**GOAL OF THE EXERCISE:** Note on the material below: return exactly the lines from the line that holds "Odmień swoją przestrzeń" through the line that holds "Тест PCMark работы", and leave out each picture.

**SUPPLIED ENTRIES:**
##############################

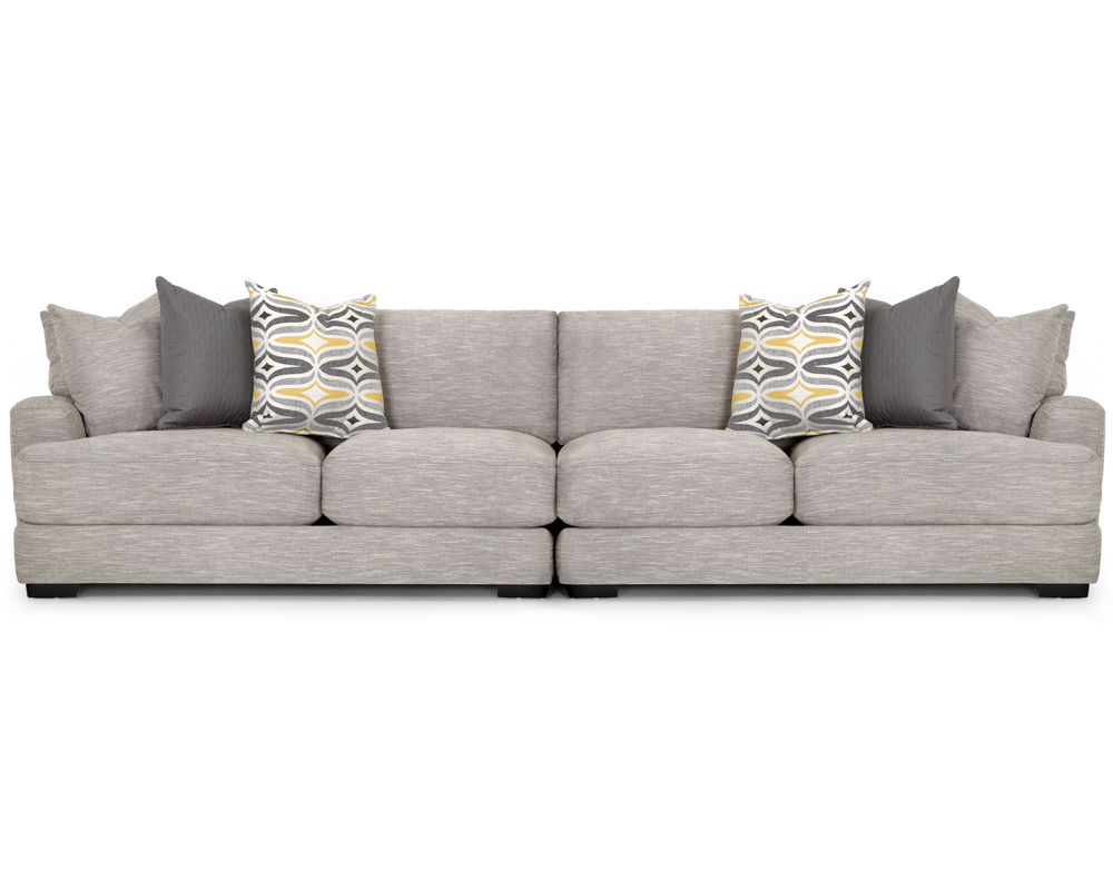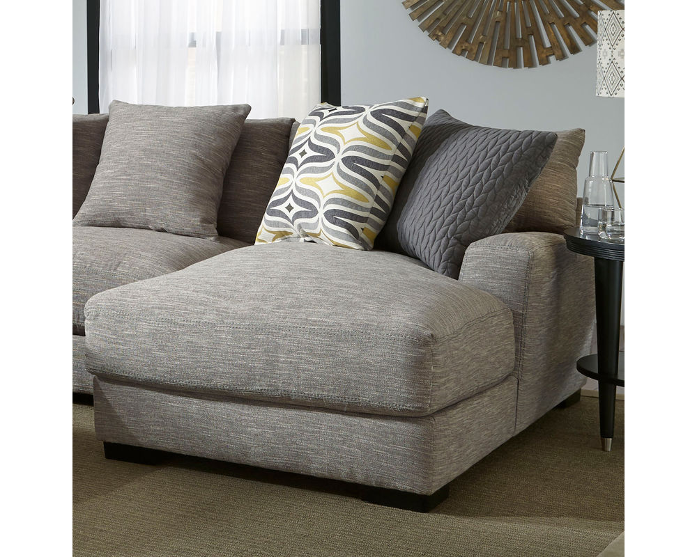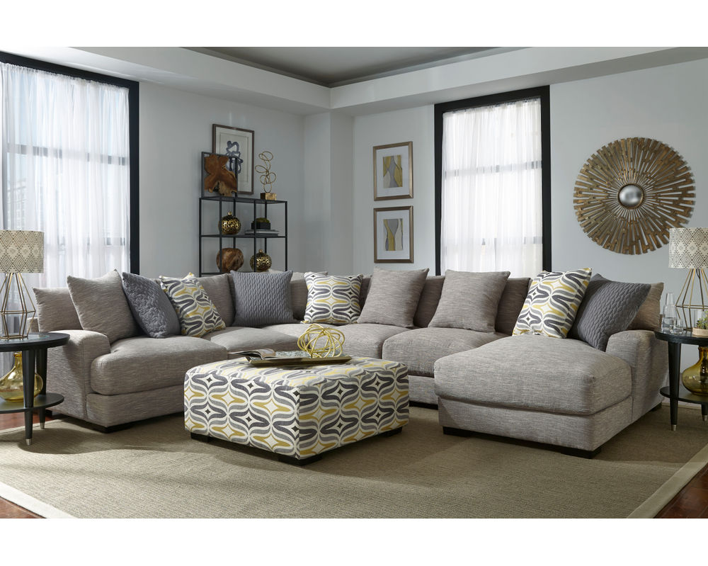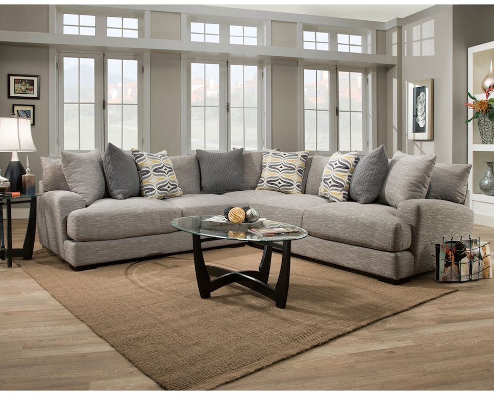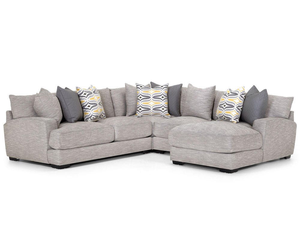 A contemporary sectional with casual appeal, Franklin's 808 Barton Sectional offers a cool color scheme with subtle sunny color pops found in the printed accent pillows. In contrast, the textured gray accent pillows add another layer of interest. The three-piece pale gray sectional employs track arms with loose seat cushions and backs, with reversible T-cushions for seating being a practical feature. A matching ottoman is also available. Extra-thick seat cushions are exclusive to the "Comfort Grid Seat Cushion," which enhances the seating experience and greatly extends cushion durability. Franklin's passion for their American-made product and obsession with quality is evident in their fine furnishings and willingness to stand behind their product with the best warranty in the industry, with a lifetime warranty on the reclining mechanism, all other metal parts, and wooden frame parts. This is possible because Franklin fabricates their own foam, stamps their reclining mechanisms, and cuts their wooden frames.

##############################

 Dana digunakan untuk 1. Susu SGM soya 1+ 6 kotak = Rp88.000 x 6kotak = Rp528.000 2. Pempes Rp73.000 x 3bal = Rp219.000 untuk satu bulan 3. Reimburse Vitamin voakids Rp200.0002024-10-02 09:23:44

##############################

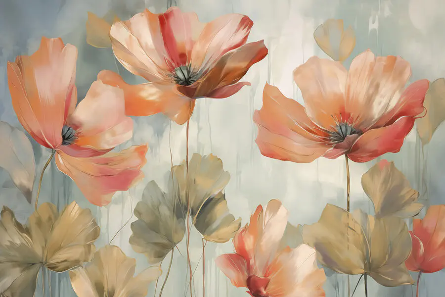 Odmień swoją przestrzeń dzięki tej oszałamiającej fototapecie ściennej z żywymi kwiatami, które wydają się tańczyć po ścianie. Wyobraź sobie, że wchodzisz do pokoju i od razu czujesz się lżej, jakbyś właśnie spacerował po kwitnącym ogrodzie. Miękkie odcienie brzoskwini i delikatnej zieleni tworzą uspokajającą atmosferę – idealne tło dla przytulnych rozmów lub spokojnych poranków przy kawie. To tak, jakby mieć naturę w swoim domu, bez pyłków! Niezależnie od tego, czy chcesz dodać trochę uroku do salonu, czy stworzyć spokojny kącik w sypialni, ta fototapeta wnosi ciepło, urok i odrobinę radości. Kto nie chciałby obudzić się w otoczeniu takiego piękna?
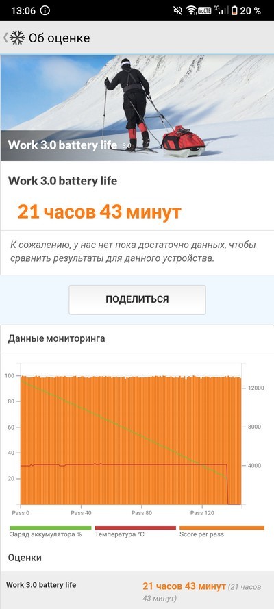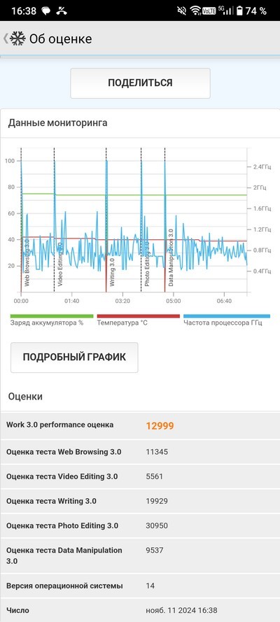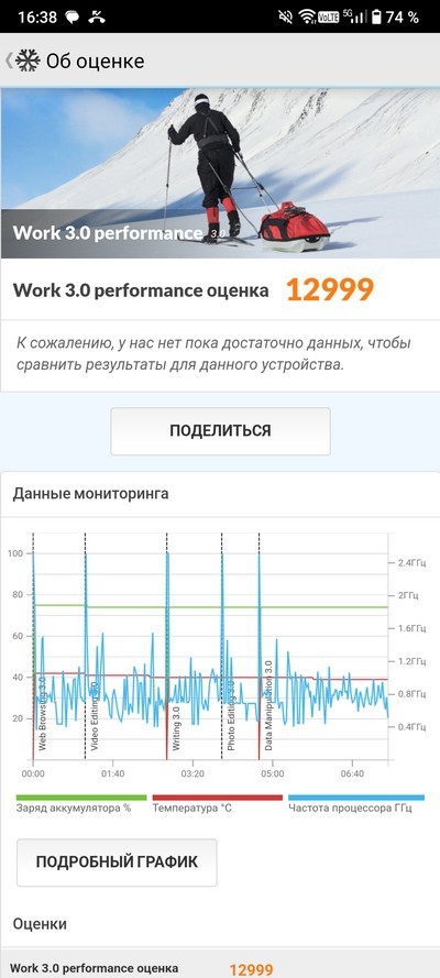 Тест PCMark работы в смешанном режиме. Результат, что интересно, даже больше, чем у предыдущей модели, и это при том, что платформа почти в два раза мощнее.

##############################

**WRITTEN SOLUTION:**
 Odmień swoją przestrzeń dzięki tej oszałamiającej fototapecie ściennej z żywymi kwiatami, które wydają się tańczyć po ścianie. Wyobraź sobie, że wchodzisz do pokoju i od razu czujesz się lżej, jakbyś właśnie spacerował po kwitnącym ogrodzie. Miękkie odcienie brzoskwini i delikatnej zieleni tworzą uspokajającą atmosferę – idealne tło dla przytulnych rozmów lub spokojnych poranków przy kawie. To tak, jakby mieć naturę w swoim domu, bez pyłków! Niezależnie od tego, czy chcesz dodać trochę uroku do salonu, czy stworzyć spokojny kącik w sypialni, ta fototapeta wnosi ciepło, urok i odrobinę radości. Kto nie chciałby obudzić się w otoczeniu takiego piękna?
 Тест PCMark работы в смешанном режиме. Результат, что интересно, даже больше, чем у предыдущей модели, и это при том, что платформа почти в два раза мощнее.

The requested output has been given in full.